Tutorial

Clusters, Threshold, Caveats


1.  Clusters:

What can we learn from the graphs we create after we click on "submit"?

Note:  all cluster images seen below were made with a threshold of 0.70

A.  Here are five genes with visually similar expression patterns that cluster together as well (for the heat shock 2 experiments.)

Gene Function

YOL007C: Essential nucleolar protein required for biogenesis of the 60S ribosomal subunit(biological_process unknown)

YKR024C:  Dead-box protein ( 35S primary transcript processing)

YLR175W: major low affinity 55 kDa Centromere/microtubule binding protein (small nuclear ribonucleoprotein)

YPR190C: 82-kDa subunit of RNA polymerase III (C) (DNA-directed RNA polymerase III)

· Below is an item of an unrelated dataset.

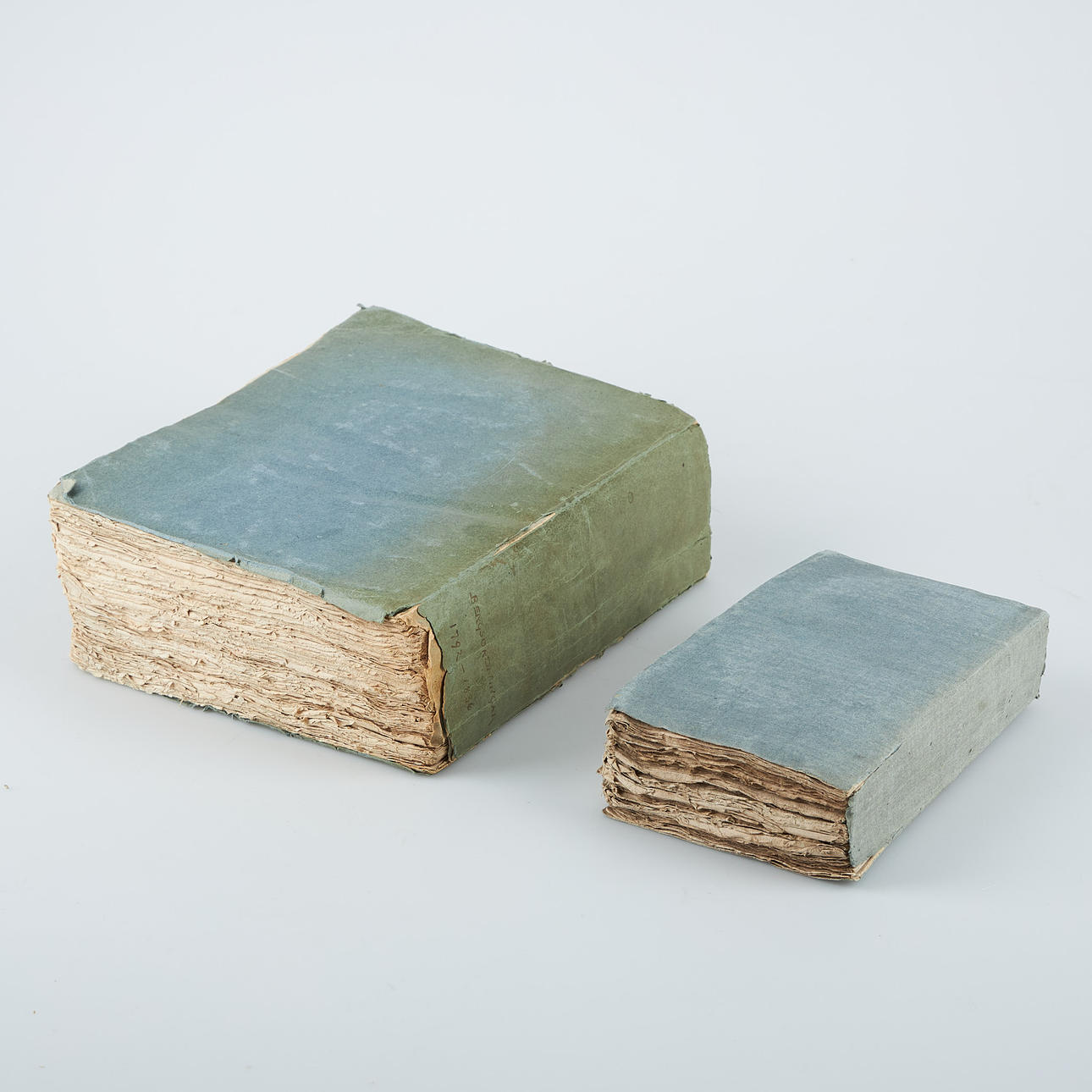 3583528. Bøger, 2 stk, grå papiromslag, Sverige.

YNL174W:  Hypothetical ORF (biological_process unknown)

 

Take-home message

YOL007C is a somewhat unknown gene and YNL174W is a completely unknown gene.  By looking at the other three genes in this cluster and realize that they're all involved in ribsomal production or assembly.  Each plays a very specific role in a large protein complex (the ribosome), but, ultimately, they are all a part of the more general process of translation (the "conversion" of mRNA to a protein.)  Biologists already know that YOL007C is involved in the production of the large ribosomal subunit, but it remains unclear where or how it acts.  But, if this gene is expressed in a manner similar to YLR175W, perhaps we might investigate small nuclear ribonucleoproteins more in depth.  And, with gene YNL174W, whose function is completely unknown, this cluster could be the beginning of its classification as a ribosomal protein perhaps.


B.  Here are a few genes that don't appear to have similar expression patterns (in the heat shock 2 experiment) and don't cluster together (at threshold =.70), but are all involved in heat response:

Gene Function

YMR173W:  DNA damage inducible; implicated in the production or recovery of mutations (DNA repair)

YJL159W:  Heat shock protein, secretory glycoprotein (cell wall organization and biogenesis)

YNL007Csit4 suppressor, dnaJ homolog (biological process unclear); translation heat shock protein, homolog of E. Coli

Take-home message

All these genes are heat shock proteins, so we might assume before examining the expression data that they would be expressed at similar time points in response to a heat stress.  However, this is not entirely true.  They do all appear to peak at the beginning of the stress, but they peak at slightly different time points and, certainly, at different quantities.  They also decline at different levels.  At this point, a skeptical biologist might also consider possible concentration or fluorescence differences among the samples.  For more information, please see the background information on gene expression.


C.  Here are two genes that seem to have reciprocal expression patterns (heat shock 2):

Gene Function

YOR361C:  translation initiation factor eIF3 subunit (protein synthesis initiation)

YJL159W:  Heat shock protein, secretory glycoprotein (cell wall organization and biogenesis)

Take-home message

Are these genes related?  If they are reciprocally expressed could that imply some sort of regulational relationship?  YOR361C appears to be a type of regulatory protein.  Perhaps it is expressed in response to heat stress to turn on genes that will repair heat shock damage.  Then, they continue to express in a sort of inverse relationship until the cellular problem is fixed.  However, a clustering program such as ours will not uncover or examine these type of relationships, however important they could potentially be.  At least, not yet.


2.  Threshold values:  What do they mean?

The default threshold value is 0.70 which means that the correlation coefficients between clustered genes must be at least 0.70.  If you raise this value, you increase the requisite correlation coefficient thereby making the "requirement" for clustering more stringent.  The reverse is true with lowering the threshold value.  It is important to keep in mind that lowering the threshold value to low will allow for genes that are not similar to be clustered together.  Conversely, an extremely high threshold will exclude genes from clustering that are actually expressed similarly.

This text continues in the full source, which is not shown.